Mom comes running up and bends down to hug Carly Ray. “Lord, you scared us to death. We looked all over town for you. I was fixing to call the police. Don't ever do that again,” she whispers into her ear and looks at me when she says this. “Don't ever run off again.”

They walk past me into the house, and I'm left standing in the dark, my hands in my pockets and dew collecting on the tops of my shoes. I pick up the cans from earlier and throw them in the trash. I lock up the shed and go sit on the steps of the porch and smell hamburgers frying inside.

Mom puts Carly Ray to bed and says she's going to stay the night. I'm still outside, slapping at gnats and mosquitoes, and I tell her I'll sleep on the couch. She's too angry with me to say much more, and I don't blame her. I see the red light of a radio tower flashing off by the railroad.

After the house is quiet I go inside and grab a burger from the fridge and walk outside again. I can't even stand to be in the house.

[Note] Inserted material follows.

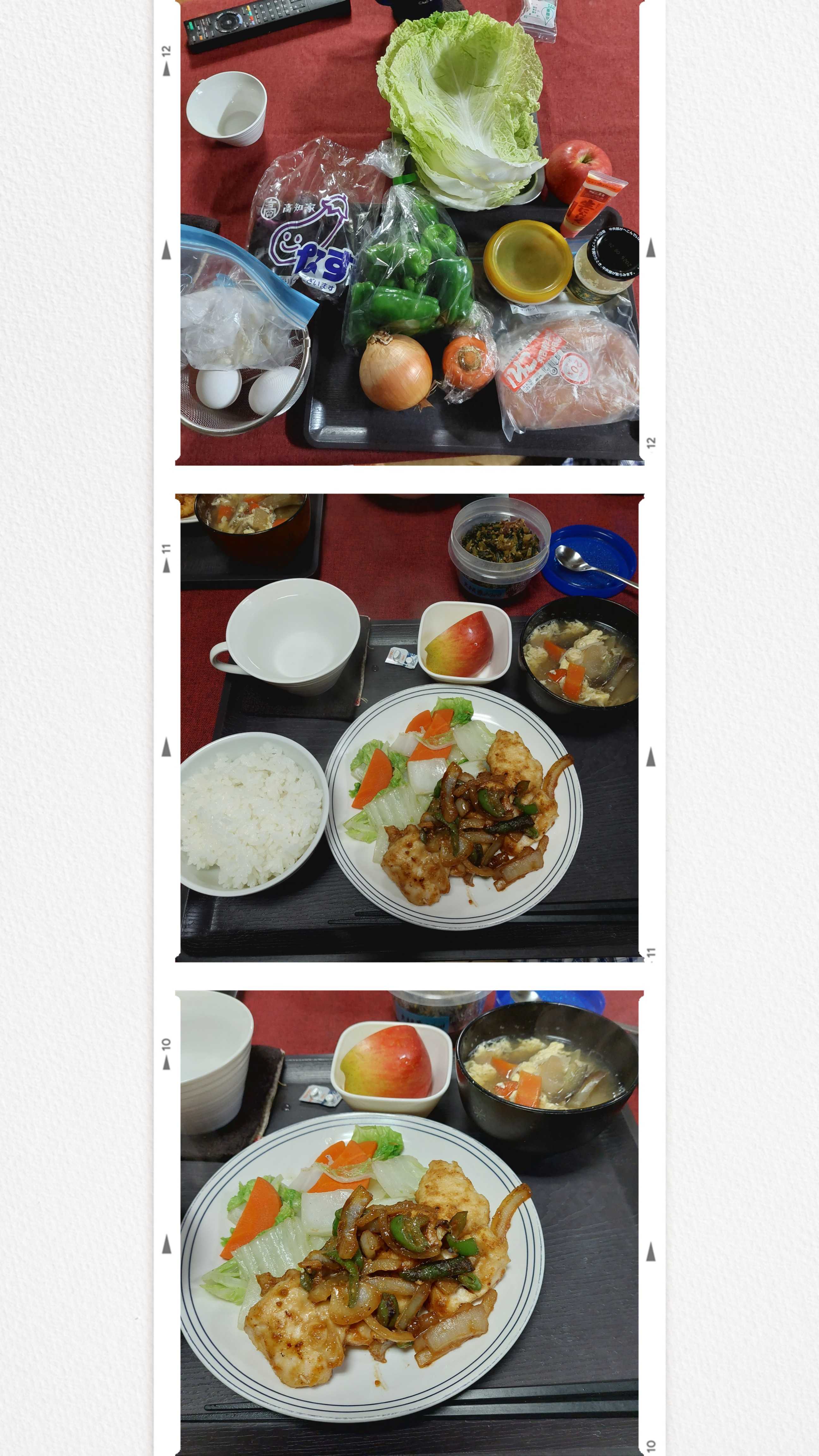 ●夕食は、、、鶏肉味噌だれ焼き、炒め野菜、りんご、かきたま汁、大根の葉のふりかけ

I'm on the steps, and I lay my head back and feel the wood, cool and grainy, against my neck.

Carly Ray comes outside, and I open up my eyes. She stands over me and then sits down beside me. I raise up and offer her a bite of my half-eaten burger, but she shakes her head.

“Can't sleep?” I ask.

“No,” she says.

“You'll be tired tomorrow.”

“Yeah,” she says. “I was tired today too.”

“You need to get your rest. School's going to be tougher this year than last year, right?”

“I guess.”

“Sure it will be. That's how it works,” I say, but then I stop myself. There's no use trying to talk to her like this. She's too smart not to see what I'm trying to do.

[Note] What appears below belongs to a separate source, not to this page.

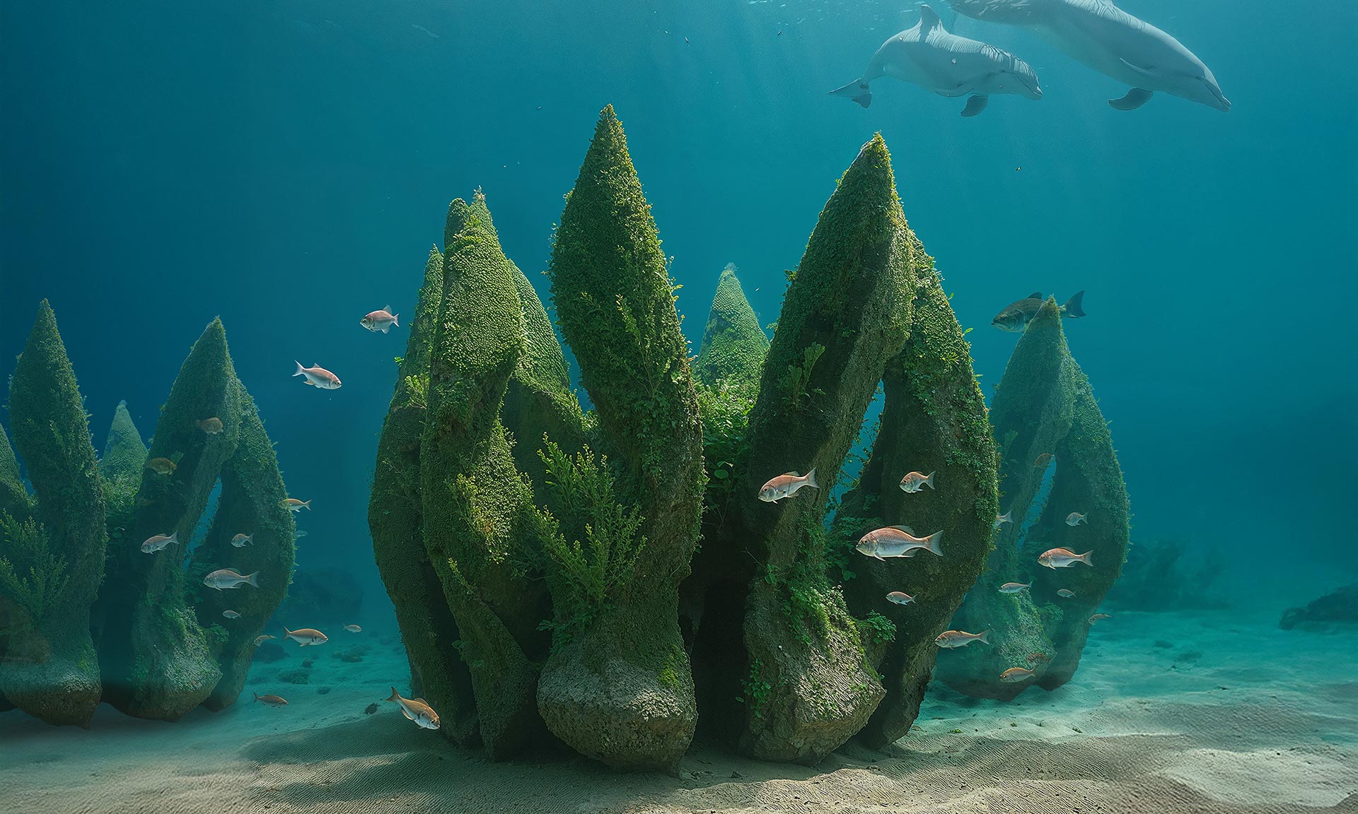 „Nereid od společností ZHA a D-Shape, který se zaměřuje konkrétně na regeneraci potravních zdrojů, byl vyvinut tak, aby podporoval růst fytoplanktonu a filtrujících měkkýšů, kteří jsou základem potravního řetězce mořského ekosystému. Díky použití materiálů s neutrálním pH v nízkouhlíkové betonové pastě, která je bezpečná pro mořské prostředí, poskytuje pokročilá technologie 3D tisku společnosti D-Shape biomimetické formy, které napodobují přirozenou strukturu a poréznost útesů a lze je použít v různých pobřežních oblastech. Návrh, optimalizovaný pro použití v mořském prostředí, napodobuje geometrii bentických systémů, jako jsou kelpové lesy, a imituje tak přirozenou komplexnost,“ dodávají designéři ze Zaha Hadid Architects.

We are quiet on the porch, listening to the trains being connected in the distance and the rumble of their movements echoing above us. I'm ready to pitch my burger into the bushes when Carly Ray speaks up.

“I miss him, J.D.”

“You always will,” I tell her. “You can talk to me about those things when you want. When you're ready to.”

She nods her head and folds her arms over her knees and lays her chin down on them. “Do you miss him?”

I think about this for longer than I should. I hadn't seen him since last Christmas and only then for a few beers. Our conversation felt strained, and our emails became reduced to nothing but forwarded jokes. I do miss him, but not in the way I think I should.

“Yes,” I tell her. “I miss him.”

She stays quiet, and I look out at the road with her, neither of us moving or talking until I say, “You know, when we were kids and I'd make a mistake, your father would never say anything to me. Just go quiet for a few days and give me these awful looks. He wouldn't sit by me at lunch and wouldn't call me at home. Back then I had a car and he didn't, so I'd usually pick him up, and when he was mad, I'd wait for him on the curb every morning. When he wasn't mad anymore he'd come out and get in the car and we'd go to school and act like nothing had ever happened.

“He made me think by doing that. And if I tried to mention what had happened or tell him I was sorry, he wouldn't let me. Just say, ‘I already forgot it.' Even then as a kid that's what he did. That's funny, ain't it? A person acting that way.”

Carly Ray is sleeping, though, and she leans into me. I put my arm around her and expect her to knock it away, but she nudges closer next to me. Her breathing is soft and blows lightly against my skin. I pick her up and she rouses a little but falls back asleep, and I carry her into her room. The poster is taped up and hanging in its place on the wall. I think about the way my own father used to carry me to bed and how warm it felt next to him and how strong his arms were wrapped around me.

I pull back her covers and lay her down and then pull them back up. She rolls to her side and then onto her back. The streetlamp outside goes off, and the room is suddenly dark. I lean down and whisper, “I'm sorry, Beryl.”

She opens her eyes to me but doesn't say anything, and we stay like that. Two strangers staring at each other, one charged with taking care of the other.